EXERCISE INSTRUCTIONS:
Set down exactly the lines below between the line holding "应该有10多种菜品。因为到的" and the line holding "در این مراسم", inclusive; no other line belongs in the answer.

BEGIN INFORMATION GIVEN

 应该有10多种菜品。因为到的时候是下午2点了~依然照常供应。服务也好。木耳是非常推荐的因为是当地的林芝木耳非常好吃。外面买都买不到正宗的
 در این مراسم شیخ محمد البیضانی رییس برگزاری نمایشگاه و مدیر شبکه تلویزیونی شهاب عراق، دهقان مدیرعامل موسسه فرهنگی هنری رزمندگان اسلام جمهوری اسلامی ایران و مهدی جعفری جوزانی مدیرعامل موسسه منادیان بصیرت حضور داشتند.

END INFORMATION GIVEN
BEGIN INFORMATION GIVEN

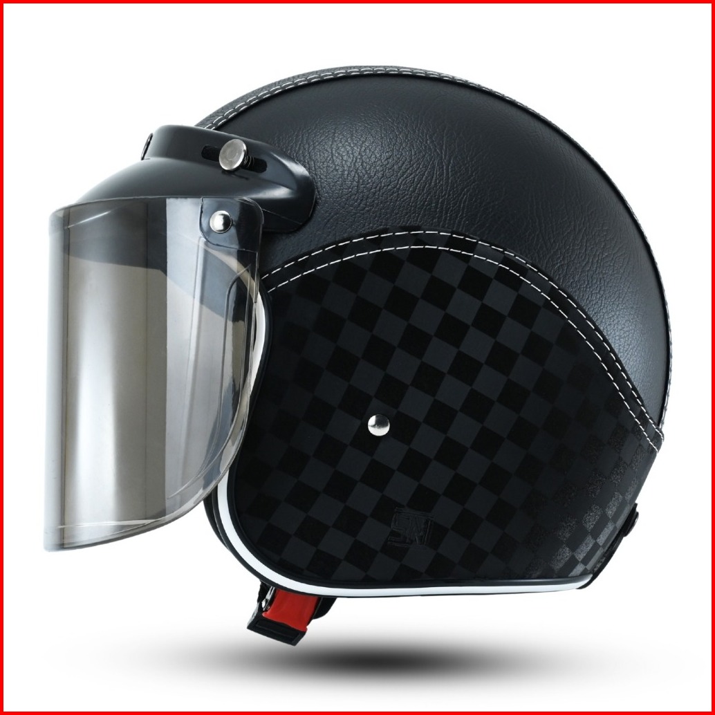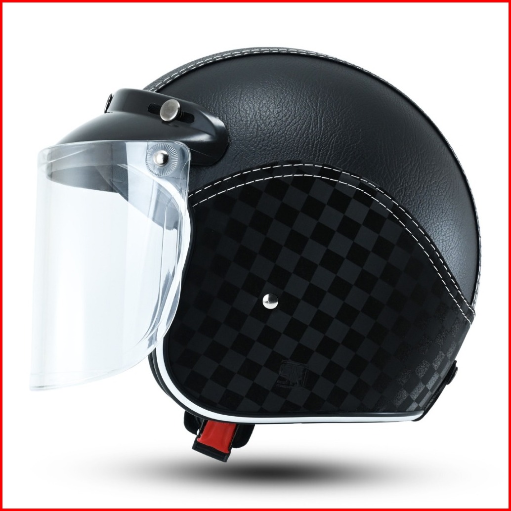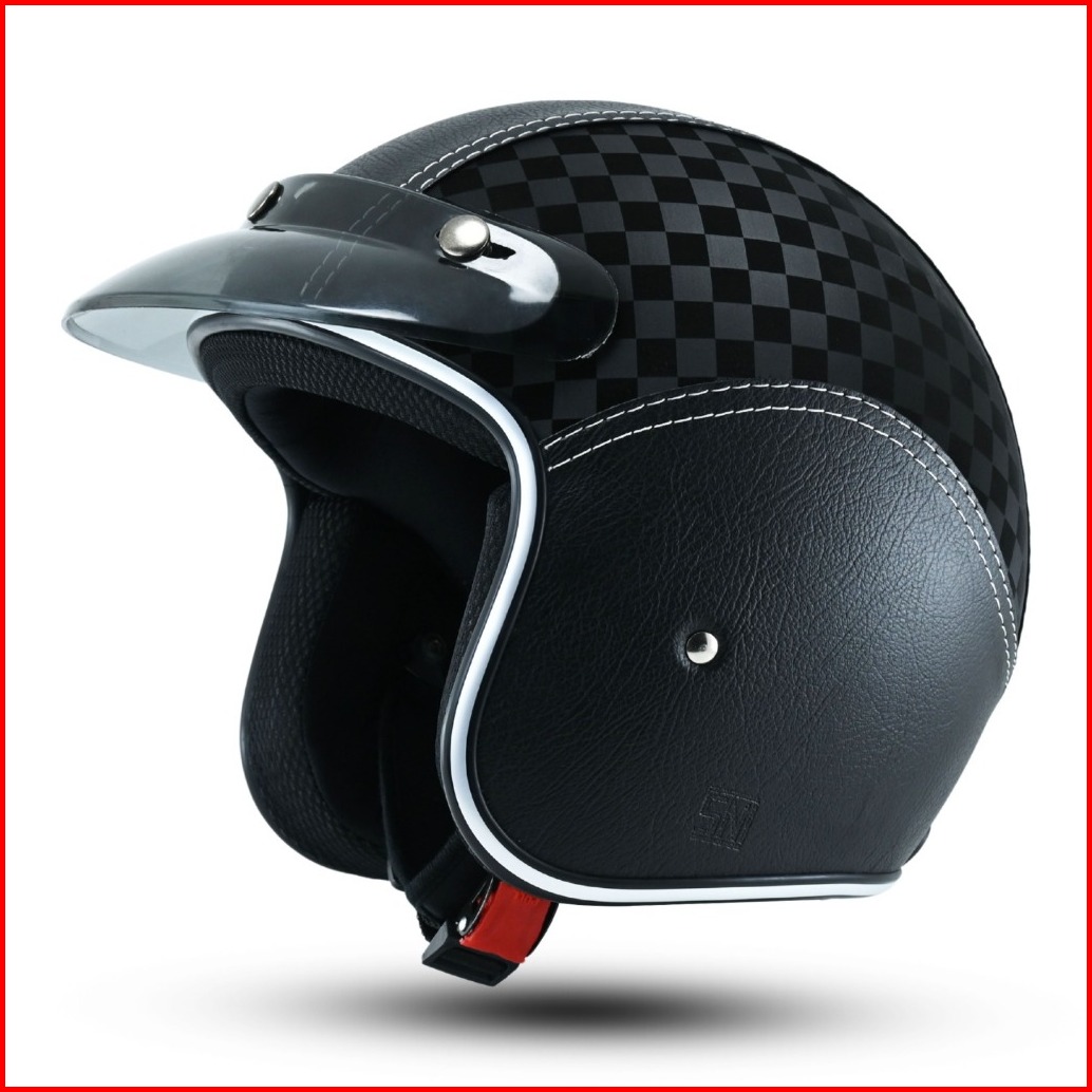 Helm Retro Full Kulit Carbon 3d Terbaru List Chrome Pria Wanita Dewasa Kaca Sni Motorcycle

END INFORMATION GIVEN

TASK OUTPUT:
 应该有10多种菜品。因为到的时候是下午2点了~依然照常供应。服务也好。木耳是非常推荐的因为是当地的林芝木耳非常好吃。外面买都买不到正宗的
 در این مراسم شیخ محمد البیضانی رییس برگزاری نمایشگاه و مدیر شبکه تلویزیونی شهاب عراق، دهقان مدیرعامل موسسه فرهنگی هنری رزمندگان اسلام جمهوری اسلامی ایران و مهدی جعفری جوزانی مدیرعامل موسسه منادیان بصیرت حضور داشتند.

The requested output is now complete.